━━ Stored data

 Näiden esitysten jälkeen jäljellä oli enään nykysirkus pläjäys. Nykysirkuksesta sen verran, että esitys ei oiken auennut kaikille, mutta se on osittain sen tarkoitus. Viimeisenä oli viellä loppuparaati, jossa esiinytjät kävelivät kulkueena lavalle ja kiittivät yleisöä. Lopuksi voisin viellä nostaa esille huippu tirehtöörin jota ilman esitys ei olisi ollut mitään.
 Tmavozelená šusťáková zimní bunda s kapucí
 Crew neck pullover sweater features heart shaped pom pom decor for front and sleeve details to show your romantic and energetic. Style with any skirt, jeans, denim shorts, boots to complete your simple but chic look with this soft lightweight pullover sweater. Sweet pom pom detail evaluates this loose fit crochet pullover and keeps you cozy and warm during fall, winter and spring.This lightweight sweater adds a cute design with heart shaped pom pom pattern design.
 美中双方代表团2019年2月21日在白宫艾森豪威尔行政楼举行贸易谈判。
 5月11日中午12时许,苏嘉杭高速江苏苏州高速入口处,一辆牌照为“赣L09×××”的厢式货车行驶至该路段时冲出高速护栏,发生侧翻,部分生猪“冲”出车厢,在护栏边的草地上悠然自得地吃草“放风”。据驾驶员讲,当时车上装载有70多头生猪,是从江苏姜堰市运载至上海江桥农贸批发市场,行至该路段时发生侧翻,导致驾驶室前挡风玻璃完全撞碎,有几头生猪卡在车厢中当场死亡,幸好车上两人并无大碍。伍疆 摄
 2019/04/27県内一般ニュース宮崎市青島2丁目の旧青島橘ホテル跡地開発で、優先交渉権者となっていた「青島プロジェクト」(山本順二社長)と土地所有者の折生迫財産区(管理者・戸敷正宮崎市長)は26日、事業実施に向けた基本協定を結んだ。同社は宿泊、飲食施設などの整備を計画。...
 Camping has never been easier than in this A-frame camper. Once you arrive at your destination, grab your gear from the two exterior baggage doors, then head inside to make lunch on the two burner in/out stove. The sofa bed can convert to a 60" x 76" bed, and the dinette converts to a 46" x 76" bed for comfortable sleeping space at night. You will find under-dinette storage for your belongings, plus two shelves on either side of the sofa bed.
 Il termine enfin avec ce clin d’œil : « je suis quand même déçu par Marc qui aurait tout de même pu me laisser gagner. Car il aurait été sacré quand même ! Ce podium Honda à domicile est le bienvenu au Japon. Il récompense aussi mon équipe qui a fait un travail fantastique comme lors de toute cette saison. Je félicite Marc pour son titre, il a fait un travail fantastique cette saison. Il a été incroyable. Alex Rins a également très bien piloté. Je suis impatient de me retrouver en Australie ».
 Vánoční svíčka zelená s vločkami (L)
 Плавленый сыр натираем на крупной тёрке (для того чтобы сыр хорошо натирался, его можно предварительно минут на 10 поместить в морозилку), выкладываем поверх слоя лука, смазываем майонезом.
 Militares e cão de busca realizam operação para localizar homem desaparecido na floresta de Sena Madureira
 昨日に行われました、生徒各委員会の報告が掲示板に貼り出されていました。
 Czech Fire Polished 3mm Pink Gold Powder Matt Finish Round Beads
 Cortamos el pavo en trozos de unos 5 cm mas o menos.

━━━━

| Your goal |
Please write out the lines that run from the one with "Czech Fire Polished" to the end of the records, both included, exactly as they appear.

| Task result |
 Czech Fire Polished 3mm Pink Gold Powder Matt Finish Round Beads
 Cortamos el pavo en trozos de unos 5 cm mas o menos.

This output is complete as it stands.